:: Exercise directions ::
Transcribe nothing but the lines from the one with "Swansoft Power Li-Battery" to the end of the entries, both included, keeping each exact and leaving every picture out.

--- Extracted records Enclosed Below ---

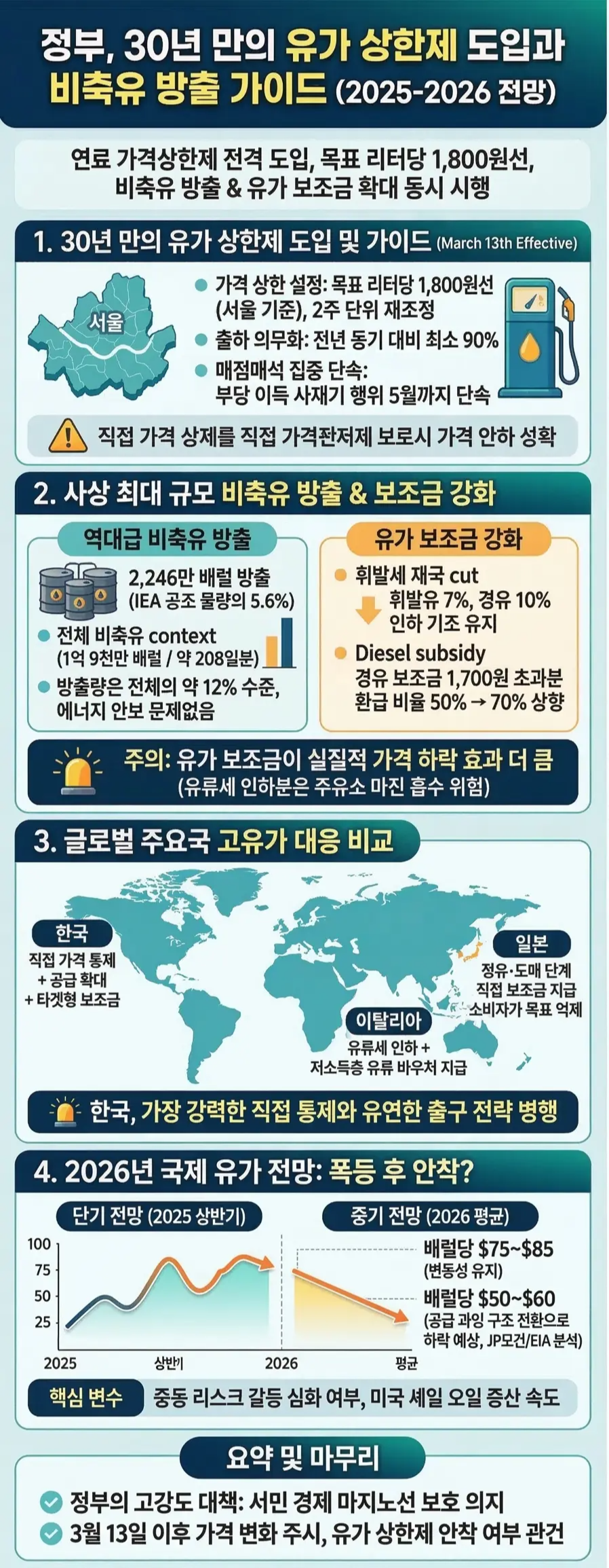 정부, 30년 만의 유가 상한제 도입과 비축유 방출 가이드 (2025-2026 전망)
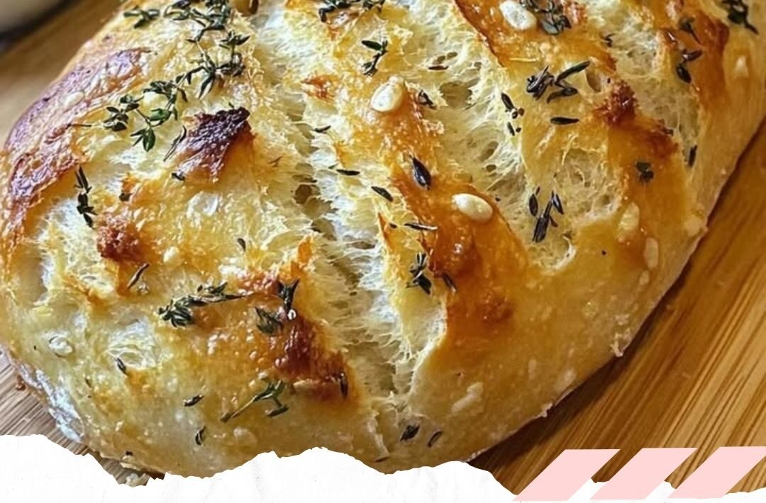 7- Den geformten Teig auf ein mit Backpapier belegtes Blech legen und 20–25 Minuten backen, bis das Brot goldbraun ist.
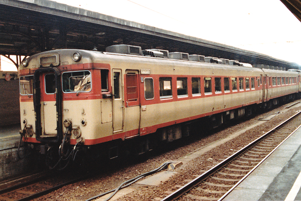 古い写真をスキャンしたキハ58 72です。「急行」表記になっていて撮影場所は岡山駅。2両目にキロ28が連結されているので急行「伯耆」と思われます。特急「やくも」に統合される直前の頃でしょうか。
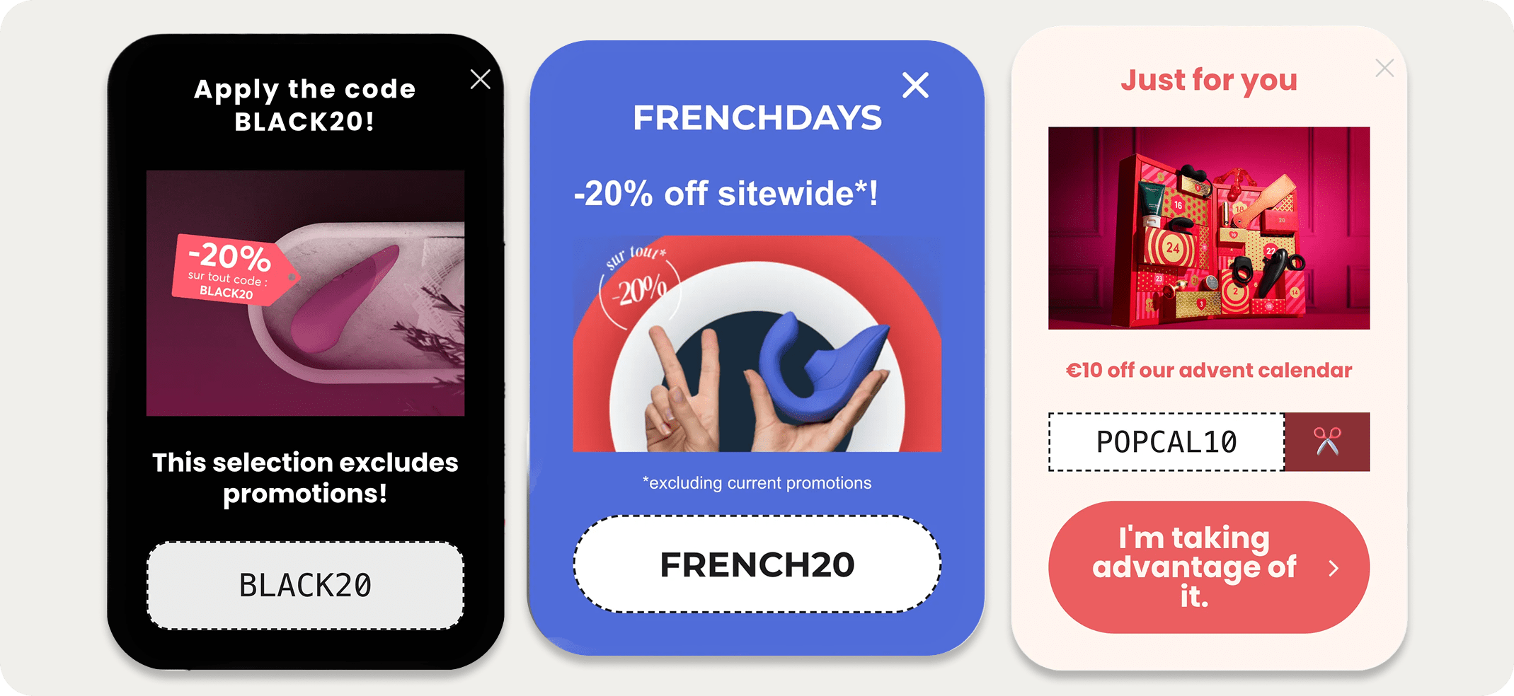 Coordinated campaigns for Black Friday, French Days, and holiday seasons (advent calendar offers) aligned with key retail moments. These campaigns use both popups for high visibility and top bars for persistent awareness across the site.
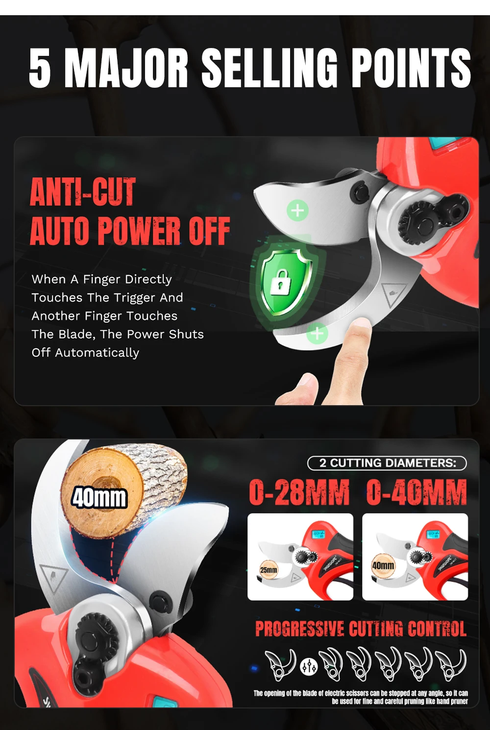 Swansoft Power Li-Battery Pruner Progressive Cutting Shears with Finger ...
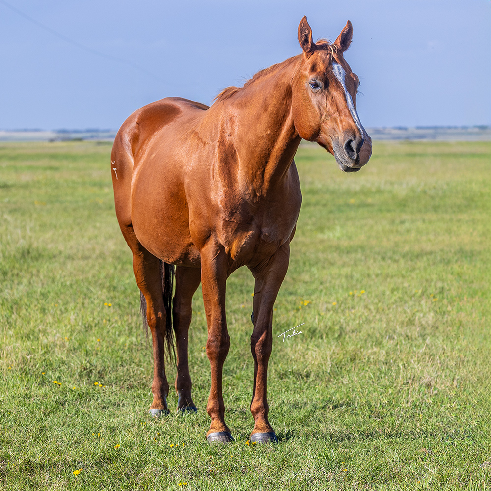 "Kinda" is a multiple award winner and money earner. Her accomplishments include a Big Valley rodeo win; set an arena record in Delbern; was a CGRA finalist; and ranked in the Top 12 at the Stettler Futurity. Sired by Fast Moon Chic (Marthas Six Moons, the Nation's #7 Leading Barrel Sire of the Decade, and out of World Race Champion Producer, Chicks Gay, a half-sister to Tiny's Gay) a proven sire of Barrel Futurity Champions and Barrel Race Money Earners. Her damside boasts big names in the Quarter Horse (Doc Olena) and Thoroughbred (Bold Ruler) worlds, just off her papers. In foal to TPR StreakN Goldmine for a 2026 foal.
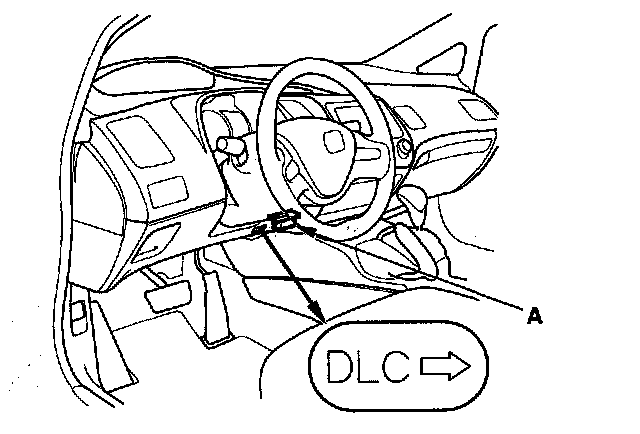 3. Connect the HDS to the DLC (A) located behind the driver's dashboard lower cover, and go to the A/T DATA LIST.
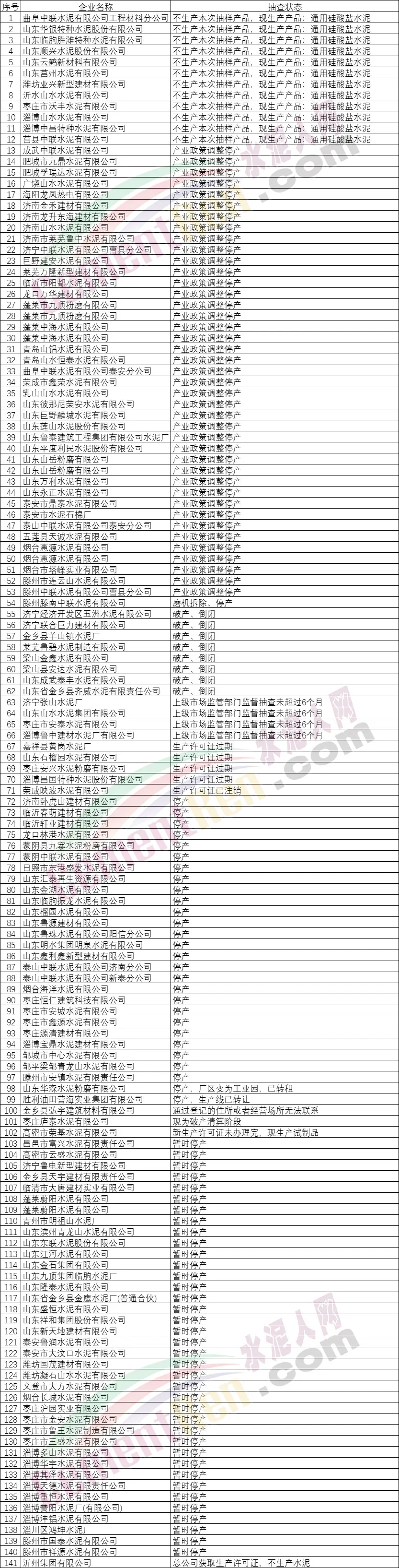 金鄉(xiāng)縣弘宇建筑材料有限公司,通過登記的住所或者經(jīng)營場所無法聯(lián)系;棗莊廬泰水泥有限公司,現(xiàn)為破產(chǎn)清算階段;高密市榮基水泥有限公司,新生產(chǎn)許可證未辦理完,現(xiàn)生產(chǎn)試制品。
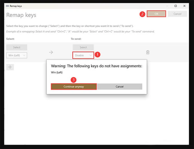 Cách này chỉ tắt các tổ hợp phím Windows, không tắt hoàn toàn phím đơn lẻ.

--- End of Enclosed Extracted records ---

:: Solution to this problem ::
 Swansoft Power Li-Battery Pruner Progressive Cutting Shears with Finger ...
 "Kinda" is a multiple award winner and money earner. Her accomplishments include a Big Valley rodeo win; set an arena record in Delbern; was a CGRA finalist; and ranked in the Top 12 at the Stettler Futurity. Sired by Fast Moon Chic (Marthas Six Moons, the Nation's #7 Leading Barrel Sire of the Decade, and out of World Race Champion Producer, Chicks Gay, a half-sister to Tiny's Gay) a proven sire of Barrel Futurity Champions and Barrel Race Money Earners. Her damside boasts big names in the Quarter Horse (Doc Olena) and Thoroughbred (Bold Ruler) worlds, just off her papers. In foal to TPR StreakN Goldmine for a 2026 foal.
 3. Connect the HDS to the DLC (A) located behind the driver's dashboard lower cover, and go to the A/T DATA LIST.
 金鄉(xiāng)縣弘宇建筑材料有限公司,通過登記的住所或者經(jīng)營場所無法聯(lián)系;棗莊廬泰水泥有限公司,現(xiàn)為破產(chǎn)清算階段;高密市榮基水泥有限公司,新生產(chǎn)許可證未辦理完,現(xiàn)生產(chǎn)試制品。
 Cách này chỉ tắt các tổ hợp phím Windows, không tắt hoàn toàn phím đơn lẻ.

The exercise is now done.